A bot that tweets any time devs swear on GitHub (opens in new tab)

(thenextweb.com)

50 pointsdeepsy8y ago31 comments

31 comments

26 comments · 10 top-level

uiri8y ago· 4 in thread

Author here. I made this almost five years ago when I was in high school. The Scunthorpe problem is real - "shit" is used in a lot of good compound swears.

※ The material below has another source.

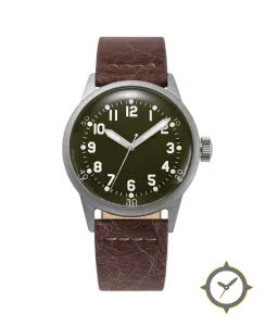 Eine Field-Uhr gefertigt aus Edelstahl mit einem Zifferblatt in grün und einer besonderen "matte"-Oberfläche.

The code isn't public because I was concerned about people taking it to make a more popular version of the same thing. Not that it is difficult to glue together the two APIs. It is also an embarrassing mess of around 150 lines of Python.

One issue with linking to the commits or repo is naming & shaming. The other is, as I mentioned, people trying to get on the bot intentionally.

It scans a GitHub API once a minute so as not to put noticeable strain on their API. I think the firehose of constant commit messages has only gotten worse.

tzs8y ago

I did the communications server for a small online gaming site once, and it had a profanity filter on the chat channels. The approach we took mostly avoided the Scunthorpe problem, and also caught when people tried to sneak profanity past it by splitting it across words (e.g., knowing that "motherfucker" would be filtered, someone might try "motherfu cker", or maybe even "m0th3rfu ck3r").

Here is what we did, as far as I recall. This worked a heck of a lot better than I expected it to.

1. Make a copy of the text and replace all the common non-letters that look somewhat like letters with those letters. E.g., 0 => O, 1 => L, 3 => E, 4 => A, 7 => T, @ => A.

2. Do a spell check on each word. Set a flag on each character that comes from a word that passed the spell check.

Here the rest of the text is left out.